In the material below, pictures must be dropped. Repeat exactly, and only, the lines from the line with "CAD 几何零件也经常不是非" to the line with "This is a Novelty", both ends included.

##### RECORDS SUPPLIED #####

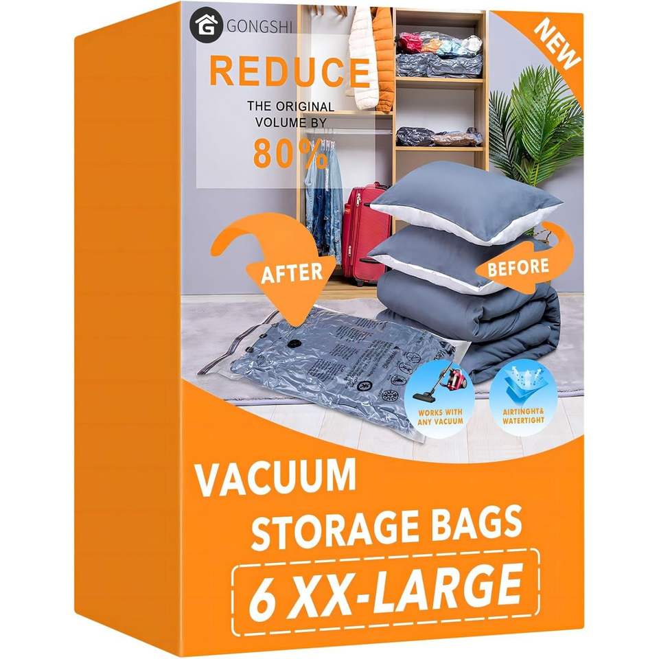 Sacchi Sottovuoto XXL Salvaspazio a Compressione per Coperte, Piumoni, Cuscini e Vestiti - Confezione da 6
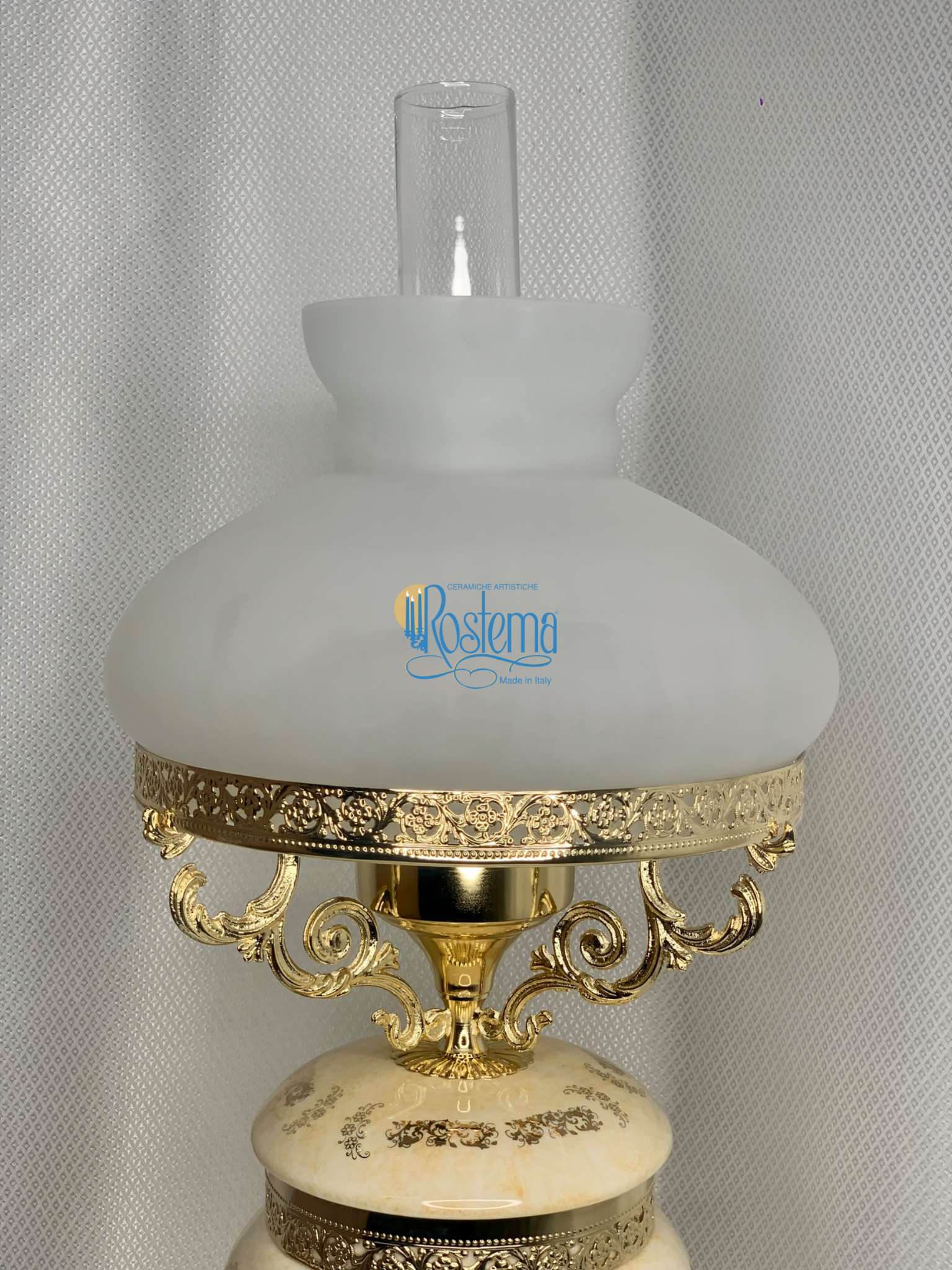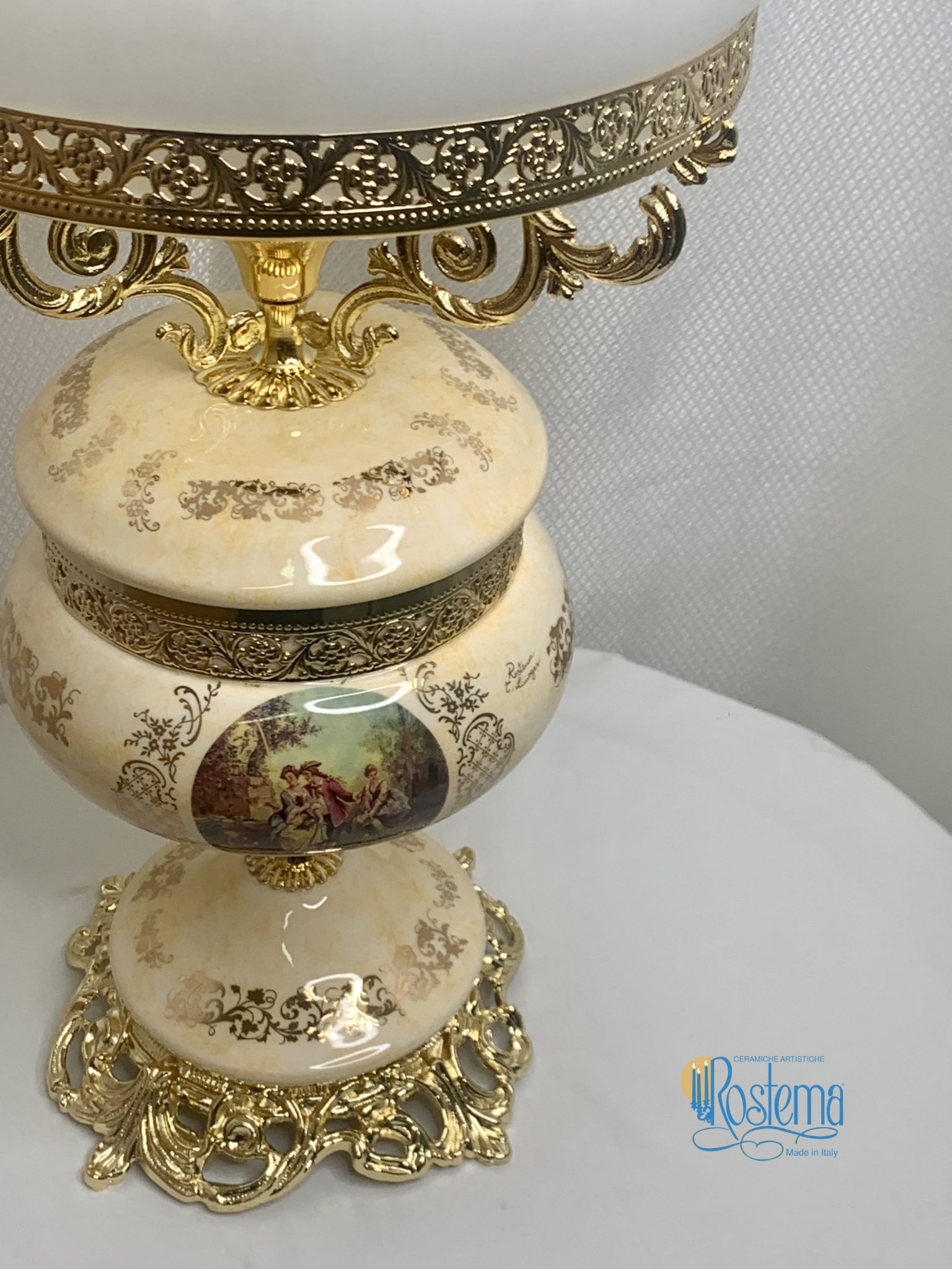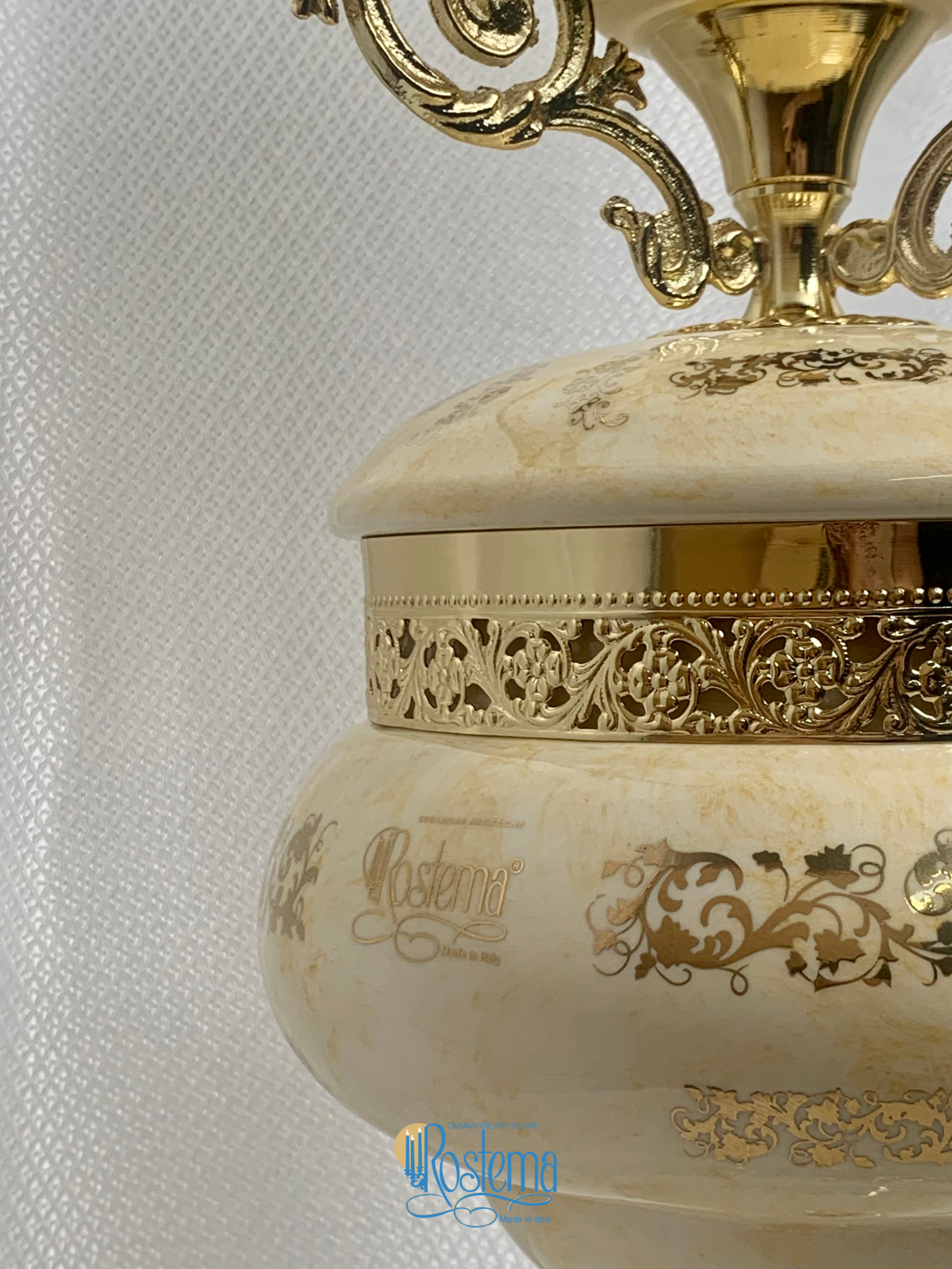 Ceramica smaltata cotta a gran fuoco, Ottone con bagno in Oro 24kt, Decorazioni in Oro, Vetro satinato
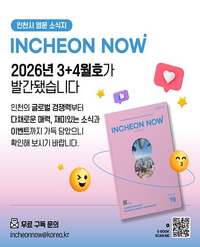 뉴한국방송뉴스통신사 신유철기자 기자 | 인천광역시는 도시의 혁신적인 정책과 차별화된 매력을 전 세계에 소개하는 영문소식지 '인천나우(Incheon Now)' 3·4월호(Vol. 98)를 발간했다고 밝혔다.
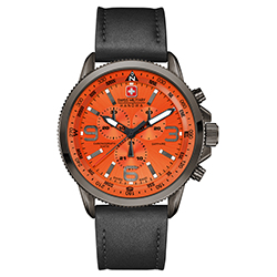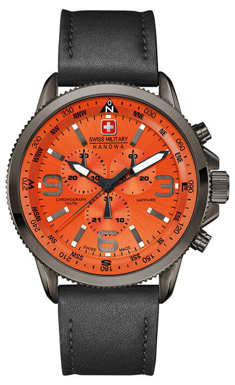 5. Swiss Military Hanowa Arrow Chrono 06-4224.30.079: корпус с ионным напылением цвета оружейной стали, оранжевый циферблат и чёрный ремешок.
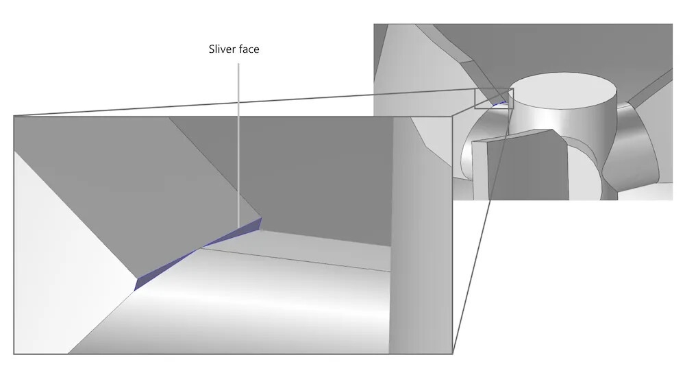 CAD 几何零件也经常不是非常吻合。下图显示了一个叶轮叶片,该叶片略大于和它相连的轴。如果我们保留这些长条面,网格单元需要与它们一致,这会导致长条面周围的网格非常密集。长条面通常比允许的最小单元大小小得多,因此附着在长条面上的单元往往呈高度各向异性并具有较高的偏度。由于长条面会产生单元质量较差的多余密集网格,因此应该将它们移除。
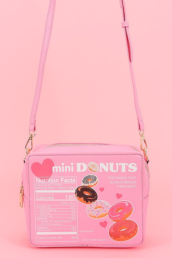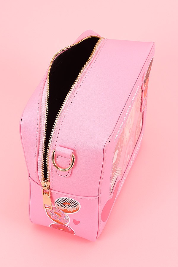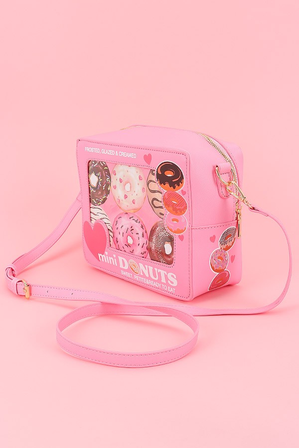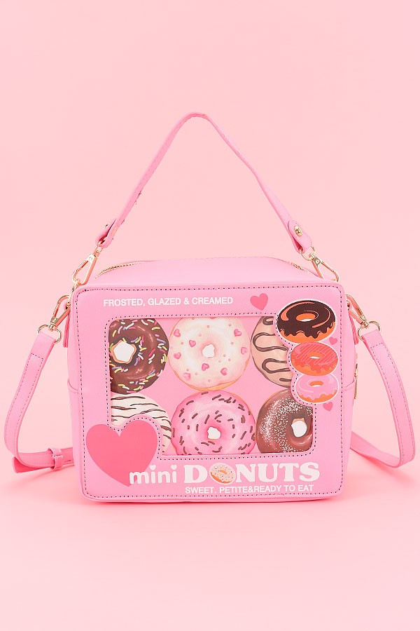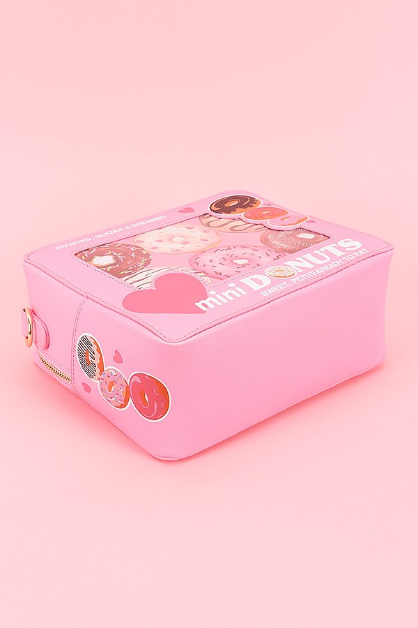 This is a Novelty Bag. Designed in a boxy silhouette, it features a front window panel showcasing vibrant illustrations of various donuts in different styles. The top of the window displays the text "FROSTED, GLAZED & CREAMED" with a small heart icon, while the bottom has "mini DONUTS" and "SWEET, PETITE, READY TO EAT" in a playful font. A large heart shape adorns the lower left corner of the window. The bag comes with a top handle and two adjustable shoulder straps for versatile carrying options, and a zipper closure ensures secure storage. Perfect for casual outings, theme parties, or adding a fun and whimsical touch to everyday outfits.
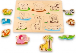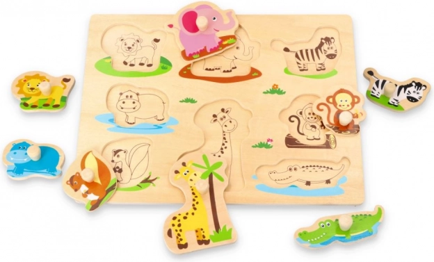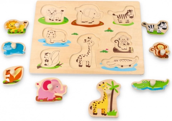 Houten puzzelbord Jungle is ideaal voor de ontwikkeling van motorische vaardigheden en het herkennen van vormen bij kinderen. De kleurrijke getekende dierenfiguren op het bord zorgen voor een leuke en leerzame ervaring.
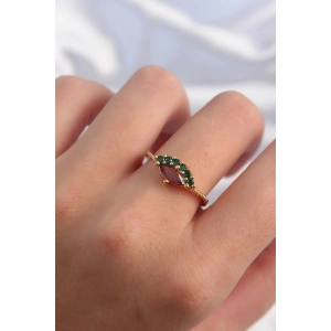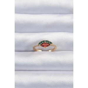 Pirinç Altın Renk Renkli Zirkon Taşlı Ayarlanabilir Karpuz Model Yüzük

#####

OUTPUT FOR THIS TASK –
 CAD 几何零件也经常不是非常吻合。下图显示了一个叶轮叶片,该叶片略大于和它相连的轴。如果我们保留这些长条面,网格单元需要与它们一致,这会导致长条面周围的网格非常密集。长条面通常比允许的最小单元大小小得多,因此附着在长条面上的单元往往呈高度各向异性并具有较高的偏度。由于长条面会产生单元质量较差的多余密集网格,因此应该将它们移除。
 This is a Novelty Bag. Designed in a boxy silhouette, it features a front window panel showcasing vibrant illustrations of various donuts in different styles. The top of the window displays the text "FROSTED, GLAZED & CREAMED" with a small heart icon, while the bottom has "mini DONUTS" and "SWEET, PETITE, READY TO EAT" in a playful font. A large heart shape adorns the lower left corner of the window. The bag comes with a top handle and two adjustable shoulder straps for versatile carrying options, and a zipper closure ensures secure storage. Perfect for casual outings, theme parties, or adding a fun and whimsical touch to everyday outfits.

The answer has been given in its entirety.